Materials and methods

Ethics statement

The endometriosis and normal endometrium tissue collected from humans was approved by the Ethical Committee of the Second Affiliated Hospital of Wenzhou Medical University and Yuying Children’s Hospital. The animal studies were approved by the Animal Use and Care Committee of Wenzhou Medical University and conducted following the guidelines for the Care and Use of Laboratory Animals of the National Institutes of Health.

Human tissue collection

Abdominal ectopic endometrial tissue and corresponding eutopic endometrial tissue were obtained from premenopausal women who underwent laparoscopic ovarian endometriosis cyst resection and hysteroscopy in the Second Affiliated Hospital of Wenzhou Medical University. Normal endometrial tissue was obtained from women who underwent laparoscopy and hysteroscopy for tubal infertility. All participants were between 35 and 45 years old and had not used hormone drugs 3 months before surgery. All specimens were collected in the late stage of secretion and confirmed by histopathology.

Culture of human endometrial stromal cells(HESCs)

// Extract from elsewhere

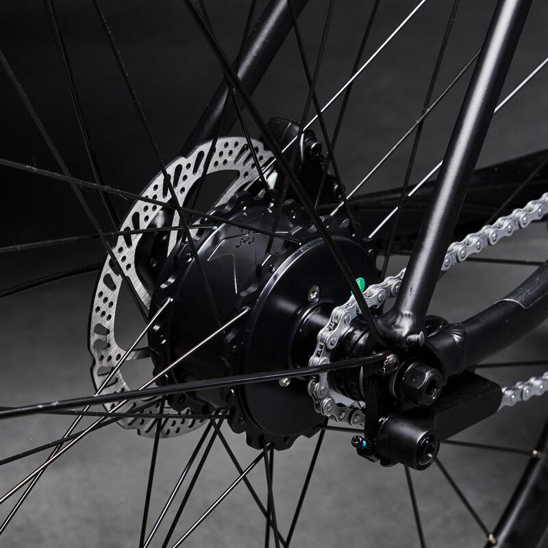 Samozrejmosťou sú aj veľké blatníky, pneumatiky s odolnosťou voči prepichnutiu, kompletné LED osvetlenie a nepochybne aj hydraulické kotúčové brzdy (TEKTRO TKR R280), ktoré zaručujú vyššiu úroveň bezpečnosti. A keďže ide o smart bicykel, tak je možné ho prepojiť aj s aplikáciou Decathlon Mobility, kde vidíte rôzne údaje o zariadení a rovnako tak ho môžete cez aplikáciu aj sledovať, čo je nápomocné v prípade krádeže. Bicykel má zabudovanú SIM kartu a celá služba je na prvý rok po zakúpení zdarma, následne sa platia 2 eurá mesačne, bez viazanosti, čo je férová ponuka.

The collected endometrial tissues were washed three times by PBS, minced into pieces with sterile scissors, and then treated with 2 mg/ml (0.1%) collagenase II for 4 h at 37 °C. Stromal cells were isolated from epithelial cells and fragments using 150 and 37.4 μm screens, respectively. After incubation overnight, stromal cells stuck to the wall, the debris was removed from the medium, and the stromal cells were washed with PBS. HESCs were cultured with DMEM/F12 containing 10% fetal bovine serum and 1% penicillin/streptomycin antibiotics and incubated in a 37 °C incubator with 5% CO2, then replaced with the complete medium every other day.

Lentivirus transfection

Lenti-TFEB, Lenti-shTFEB, and Lenti-NC from GeneChem (Shanghai, China) were used for lentivirus transfection. The cell was transfected at 30–50% confluence. About > 95% of the cells survived 24 h later and then changed the culture medium, and the cells continued incubating for a further 3 days for follow-up experiments.

Protein extraction and western blot analysis

The endometrial tissue we collected and the cultured cells were washed with PBS and lysed with a radioimmunoprecipitation analysis (RIPA) buffer (Beyotime, Shanghai, China) that contained protease inhibitors. The tissue was cut up and mixed with the lysate for grinding, or the cells were scraped into the lysate, then sat on ice for 30 min, centrifuged for 15 min with 12000rmp at 4 °C, and the supernatant was taken. Protein concentration was determined by a BCA protein detection kit (Beyotime, Shanghai, China). The same amount of protein was mixed with 5 × sample buffer and boiled at 100℃ for 10 min. The same volume of the sample was loaded into 12.5% sodium dodecyl sulfate-polyacrylamide gel electrophoresis gels (PAGE, gel thickness 1 mm) for electrophoresis and then transferred to polyvinylidene fluoride (PVDF 0.45 μm) membrane (Bio-Rad, California, USA). Next, the membrane was blocked with 5% skim milk for 2 h, rinsed 3 times with TBST, then incubated with the required primary antibody at 4 °C overnight. On the second day, the membranes were washed with TBST 3 times and incubated with secondary antibodies at room temperature for 2 h. Chemiluminescence and reagent (Invitrogen, Carlsbad, USA) were used to observe the blots. The gray of these protein blots was quantified with Image Lab 3.0 software (BioRad, California, USA).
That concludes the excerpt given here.